9
陈雨的案子在网上引起了轩然大波。
教室里的同学因为受不了网暴,一个一个地消失。
不是转学就是休学,有的是父母来接的,有的是自己收拾书包就走了。
走的时候没有人说话,没有人回头,像一列没有站台的火车,车票到了时间就开走,不通知任何人。
赵青青走的那天是周四下午。
她收拾了三个纸箱的东西,书和衣服塞在一起,拉链拉不上,她压了又压还是鼓着。
她抱着纸箱走出教室门口的时候停了一下,然后她冲到了陈雨的课桌前。
那张桌子在陈雨跳楼后,就没人用过了。
一直和垃圾桶并排放着,平时堆堆杂物。
一年的时间说长不长,说短不短。
说长的人忘记了那曾经是陈雨的课桌,而说短的霸凌者们还记得自己曾经在哪个角落写过哪些恶毒的话语。
好比赵青青这样的人。
她没有直接污蔑陈雨偷钱,也没有像周志豪那样给陈雨造谣,更没有用一句话定死了陈雨偷钱的动机。
但她和班上其他人一样。
在全班选择霸凌陈雨的时候,她也伸出了一只手。
选择合群的她,在那张独属于陈雨的课桌上刻下了那行字:
“陈雨,你就是个小偷,贱货!”
陈雨死了,可那些字和那些过去永远不会消失。
哪怕凶手知道错了。
她也只能哭着吼着冲到那张桌子上,拼命用指甲消除那些恶毒的话语。
直到指甲磨出血,那些字才渐渐变得模糊。
然后她哭的更伤心了
“陈雨,对不起,对不起”
我不知道她说了多少声对不起,但我知道她此生都会活在悔恨中。
最后赵青青是被班主任抬走的。
那天下午我一个人坐在教室里,窗户外面的操场上有几个低年级的学生在跑步,声音隔着玻璃传进来,闷闷的,像从水底浮上来的气泡。

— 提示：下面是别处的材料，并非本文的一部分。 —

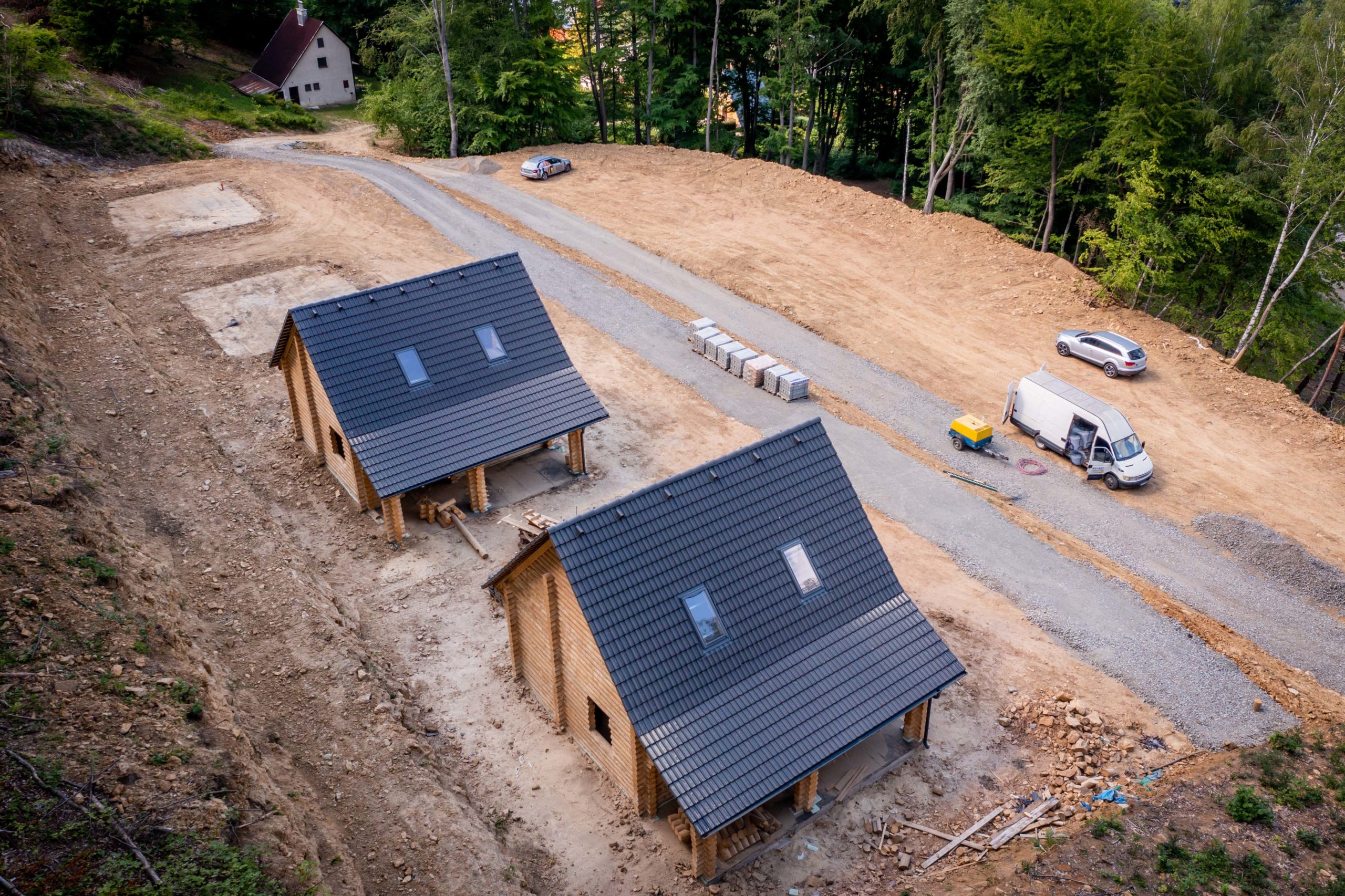 Zastavaná plocha každej chaty je 58,96 m² a úžitková plocha dosahuje 107,4 m². Konštrukcia je zo smrekového dreva, strechy sú pokryté krytinou Bramac Platinum antracit. Chaty majú plastové okná a dvere s trojsklom v antracitovom prevedení. Vykurovanie zabezpečuje infra podlahové vykurovanie značky Caleo. Pripojenie na elektrinu, spoločný vodojem a vlastnú žumpu je samozrejmosťou.
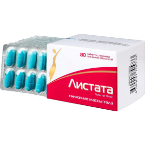 Препарат Листата эффективен в плане длительного контроля массы тела (снижение массы тела и её поддержание, предотвращение повторной прибавки массы тела). Лечение препаратом Листата приводит к улучшению профиля факторов риска и заболеваний, сопутствующих ожирению, включая гиперхолестеринемию, сахарный диабет 2 типа, нарушение толерантности к глюкозе, гиперинсулинемию, артериальную гипертензию, и к уменьшению количества висцерального жира.
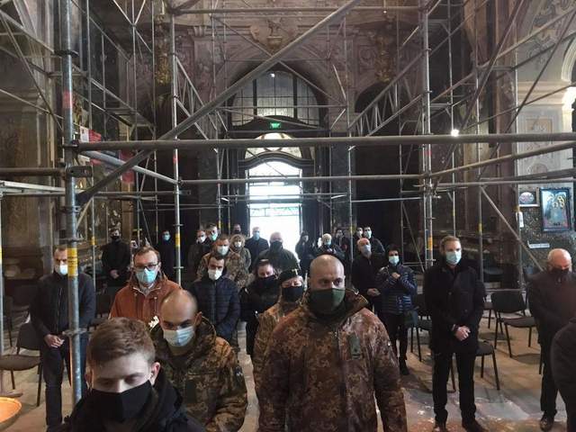 Попрощатися з бійцем до храму прийшло не багато людей. Адже у Львові діє локудаун та заборона на масові заходи.
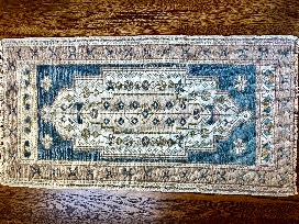 Beautiful rug from Hazel House Collective. Rug is 42" x 22" with soft blues, greens, pinks, and beiges.
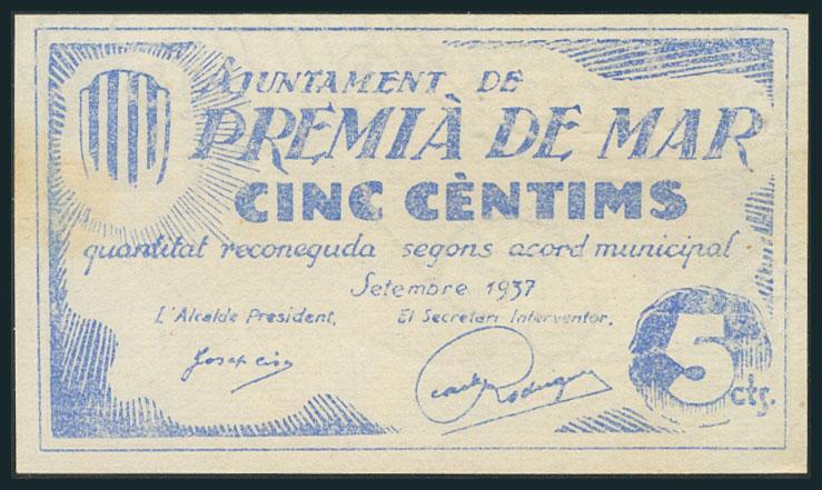 PREMIA DE MAR (BARCELONA). 5 Céntimos. Septiembre 1937. (González: 9467). EBC.
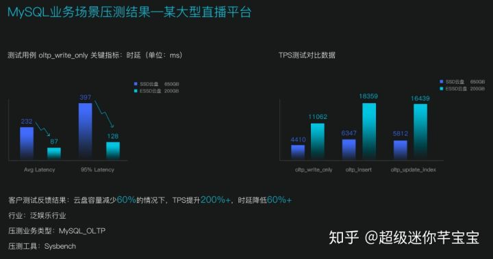 得益于ESSD对于IOPS性能的提升及针对链路延迟的降低,数据库将可以获得更高的性能,这对于企业级数据库应用系统在云上的运行能力将产生从量变到质变的提升。从实际的数据库压测效果看,ESSD云盘在性能升上对比SSD云盘有了大幅度的提升。
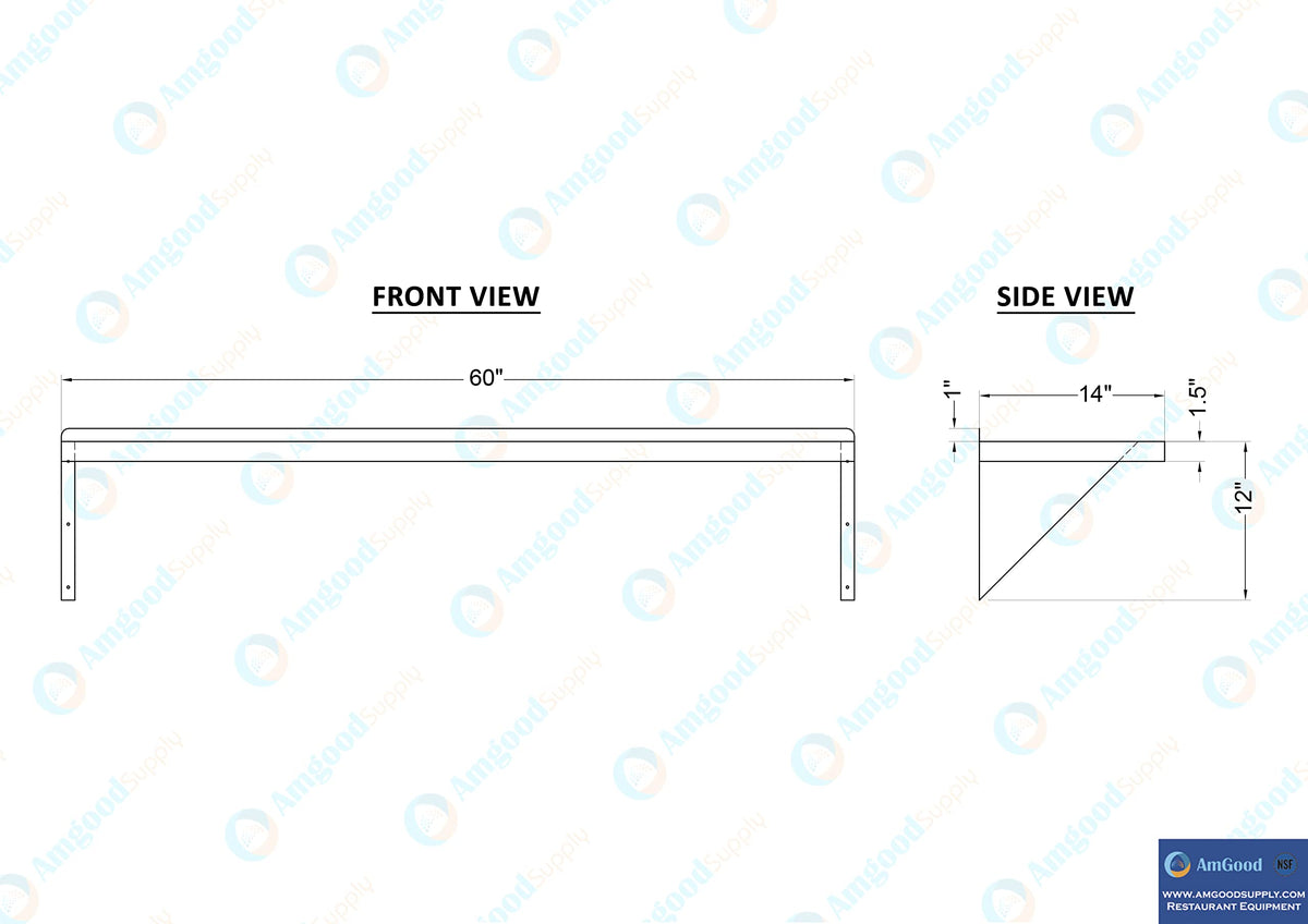 Amgood 14'' Width X 60'' Length | Stainless Steel Wall Shelf | Square Edge | Metal Shelving | Heavy Duty | Commercial Grade | Wa

我靠着椅背坐着,椅子腿在地面上滑了一下,发出很短的一声响。
那声响之后,教室重新安静了。
我坐了多久,自己也不知道。外面的光从白变黄,从黄变灰,然后路灯亮了,橙黄色的光从窗户外面斜着打进来,落在前排的桌面上,像一层薄薄的水。
然后我听见走廊里有人走过来了。
脚步声很稳,一下一下,踩着水磨石地面的接缝,走到教室门口停住了。
我抬起头。
门口站着一个中年男人。
穿黑色外套,里面的衬衣领子翻出来一点,没扎紧。
他站在那里没有进来,也没有走,就站在门口,像在确认什么。
他看着我,目光很平静,但那平静底下压着很多东西,像一池很深的水,表面是平的,底下全是暗的。
“你是江妍?”
“是。”我站起来。
他看了我一眼,然后走进来。
径直走向了陈雨的课桌,然后自己拿了一把椅子坐了下来:
“我是陈雨的父亲。”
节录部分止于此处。